Dataset entries:
+===+
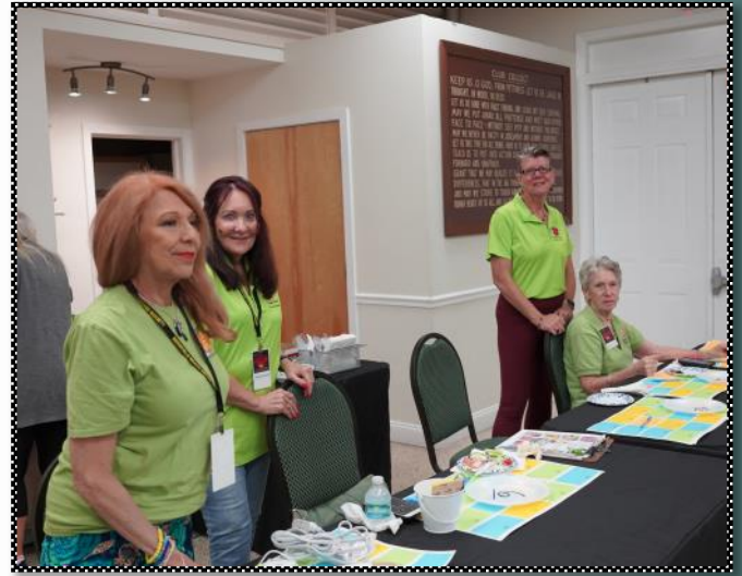
Auction Bid Accounting Clerks
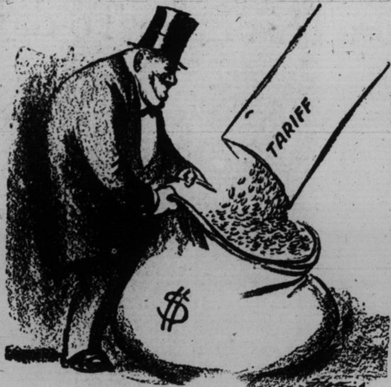
EVENTUALLY, WHY NOT NOW?

75-79 BROCK STREET If Off Your Route It Pays To Walk
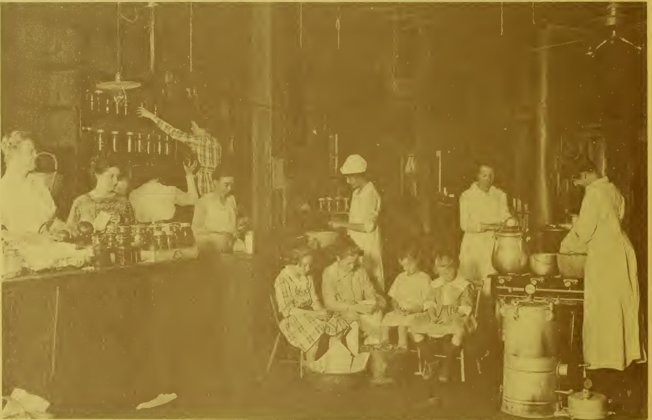
Community canning was a mother-daughter project. (1918)
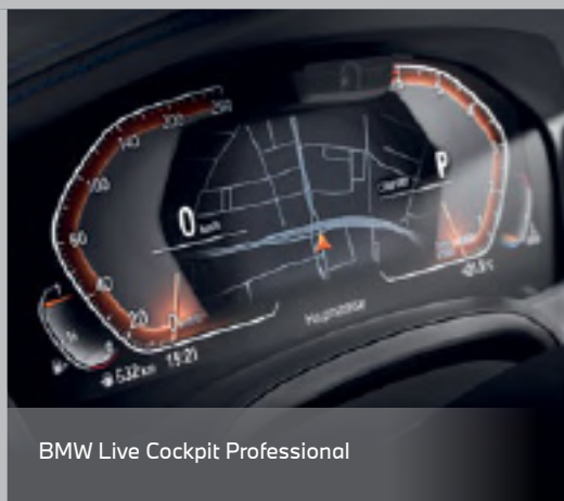
BMW Live Cockpit Professional
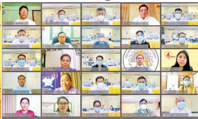
Union Minister U Thein Swe speaks during the National-Level Social Security Board Meeting (1/2020) on 4 December 2020.

The Union Minister said that his office is focusing on implementing the four main pillars: to revive the economy and employment sector in response to the COVID-19 crisis based on international labour standards, to support work departments for employment and income generation, to protect workers in the workplace and to continue the social dialogue for solutions.
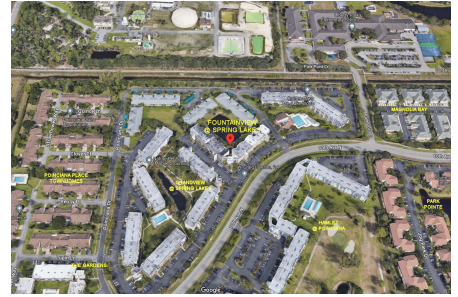
Built in 1990 - 64 units 4 floors

https://www.cmcmanagement.biz/the-grandview.html
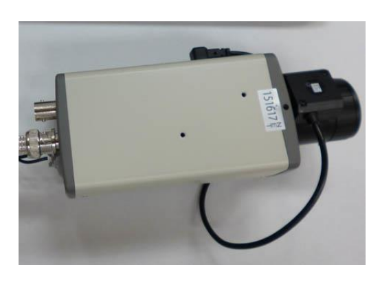
Fig. 2 High sensitivity camera
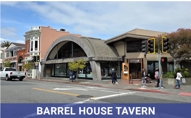
BARREL HOUSE TAVERN
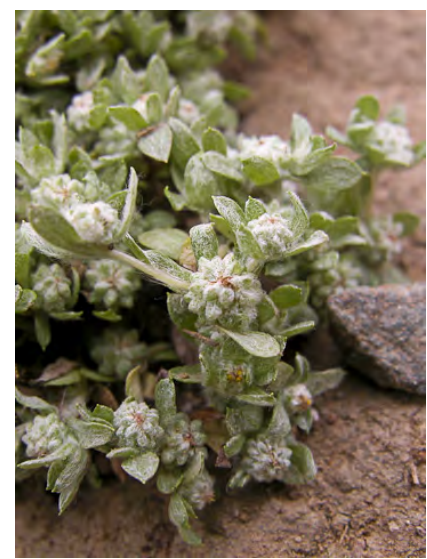
SLENDER WOOLLY-MARBLES (Psilocarphus tenellus) Native Annual - Sunflower Family - (Mar–Jul) - Common. Dry, seasonally moist slopes, flats, burns, trails, rarely vernal pools - Plant hairy. Leaves spoon-shaped. Disk flowers 4-lobed.
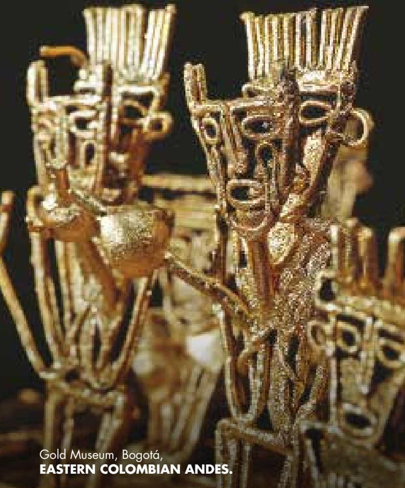
Gold Museum, Bogotá, EASTERN COLOMBIAN ANDES.
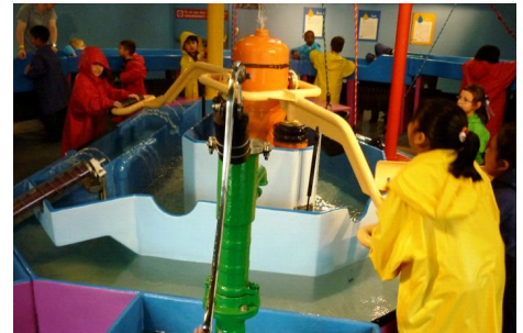
Learning about the properties of water at the Chicago Children's Museum.
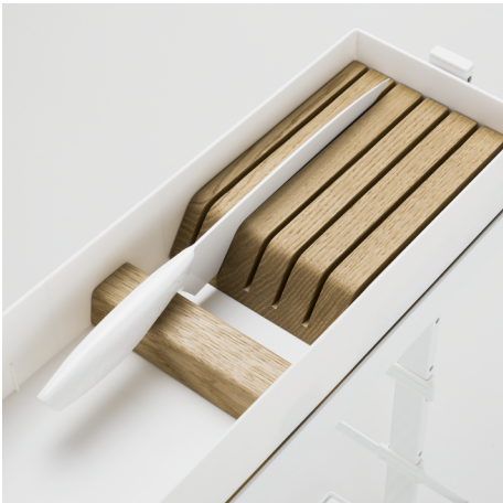
The wooden knife insert keeps your knives protected.
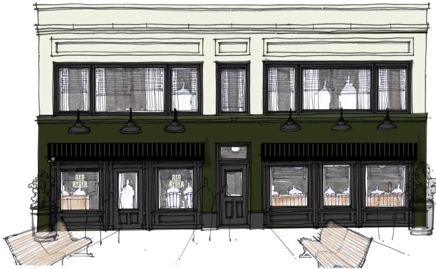
Above: Schematic rendering of the exterior

A sneak peek at the new wateringhole you never knew you needed
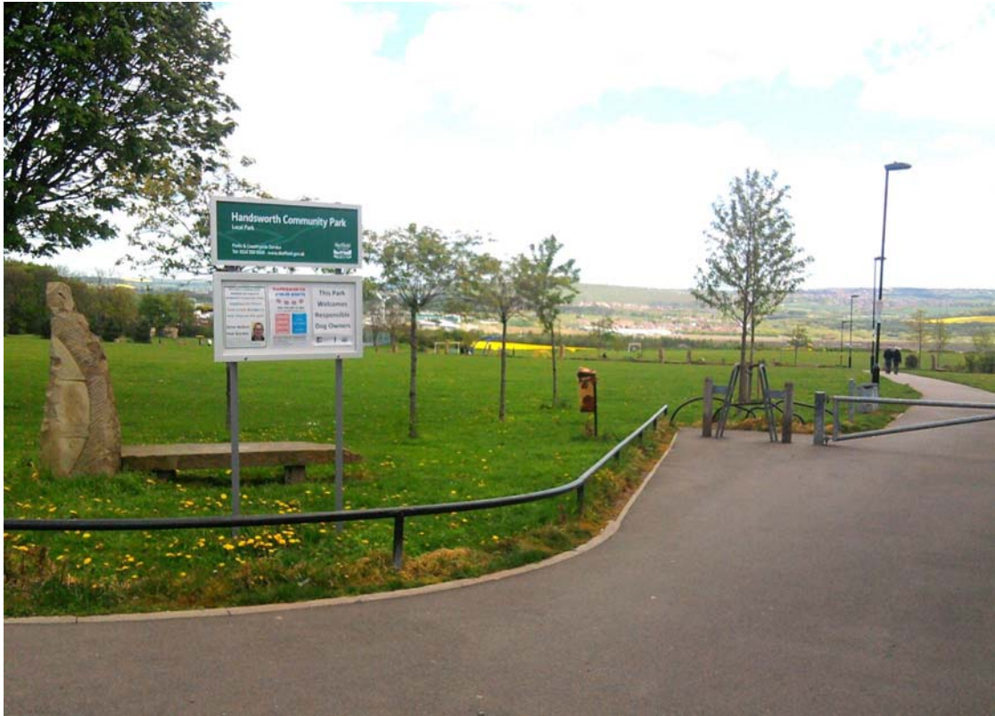
Handsworth Park Tarmac Path
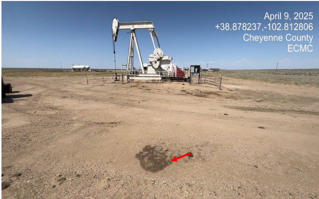
Photo 3. Facing northwest at the werllsite. There are oil stained soils shown at red arrow.
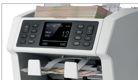
Value-mix: Counts bills in stacks of a preset value
+===+
EXERCISE INSTRUCTIONS: Begin at the first line of the records and please reproduce every line exactly through the one containing "BARREL HOUSE TAVERN", leaving all pictures out.

TASK OUTPUT:
Auction Bid Accounting Clerks
EVENTUALLY, WHY NOT NOW?

75-79 BROCK STREET If Off Your Route It Pays To Walk
Community canning was a mother-daughter project. (1918)
BMW Live Cockpit Professional
Union Minister U Thein Swe speaks during the National-Level Social Security Board Meeting (1/2020) on 4 December 2020.

The Union Minister said that his office is focusing on implementing the four main pillars: to revive the economy and employment sector in response to the COVID-19 crisis based on international labour standards, to support work departments for employment and income generation, to protect workers in the workplace and to continue the social dialogue for solutions.
Built in 1990 - 64 units 4 floors

https://www.cmcmanagement.biz/the-grandview.html
Fig. 2 High sensitivity camera
BARREL HOUSE TAVERN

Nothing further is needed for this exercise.